Parasexual Cycle (Molecular Biology)

The parasexual cycle allows new allele combinations to be formed independently of whether the organism can undergo a sexual cycle and meiosis. The parasexual cycle involves the fusion of haploid nuclei, mitotic recombination, and random chromosome losses. Parasexuality was discovered by Giorgio Pontecorvo (1) and has been demonstrated with several fungi and, in a modified form, with cultured cells of multicellular animals.

The parasexual cycle is sketched in Fig. 1, taking a filamentous Ascomycete as a model. Fusion of haploid cells to form a heterokaryon occurs spontaneously in many fungi in a process called hyphal anastomosis. In many fungi this process occurs with certain pairs of strains said to be vegetatively compatible and fails with others. Compatibility requires the strains to carry certain combinations of alleles at certain genes. Heterokaryons can be prepared in the laboratory by fusion of protoplasts and other techniques in fungi without anastomosis and in many other organisms.
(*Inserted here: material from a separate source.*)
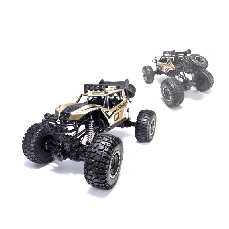 RC Rock Crawler v zlatej farbe je perfektný model pre začiatočníkov aj skúsených nadšencov. Svojimi rozmermi, výkonom a odolnosťou ponúka skvelý zážitok z jazdy v teréne.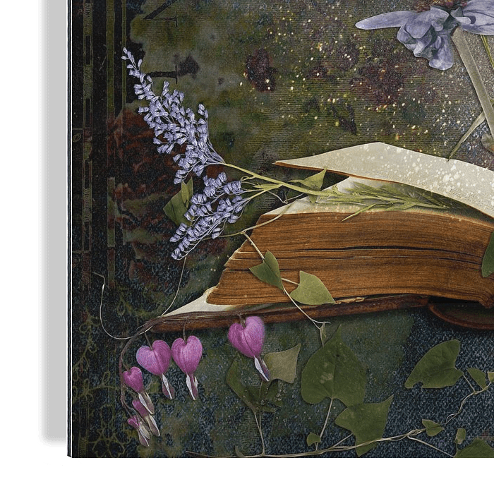 Un collage numérique inspiré par la citation : "Entre les pages d'un livre, il y a un endroit charmant où se trouver". La lecture de livres plante des graines dans votre âme, à partir desquelles de belles choses peuvent ensuite pousser.

Figure 1. Parasexual cycle in filamentous Ascomycetes . Nuclei are followed from the haploid parents above to the haploid segregants below, through cell fusion, nuclear fusion, and haploidization. Recombinant nuclei are indicated by different shading patterns.

 Parasexual cycle in filamentous Ascomycetes . Nuclei are followed from the haploid parents above to the haploid segregants below, through cell fusion, nuclear fusion, and haploidization. Recombinant nuclei are indicated by different shading patterns.


Two haploid nuclei in a heterokaryon may fuse to form a diploid nucleus. This process occurs seldom or not at all in vegetative heterokaryons, although it may be very quick after the fusion of gametes in the sexual cycle. Diploid cells are usually very hard to distinguish from heterokaryotic cells carrying the same genetic markers, but they may be very easily distinguished from haploid cells. In fungi in which all spores are uninucleate, colonies grown from diploid and haploid spores are distinguished easily with the help of appropriate genetic markers.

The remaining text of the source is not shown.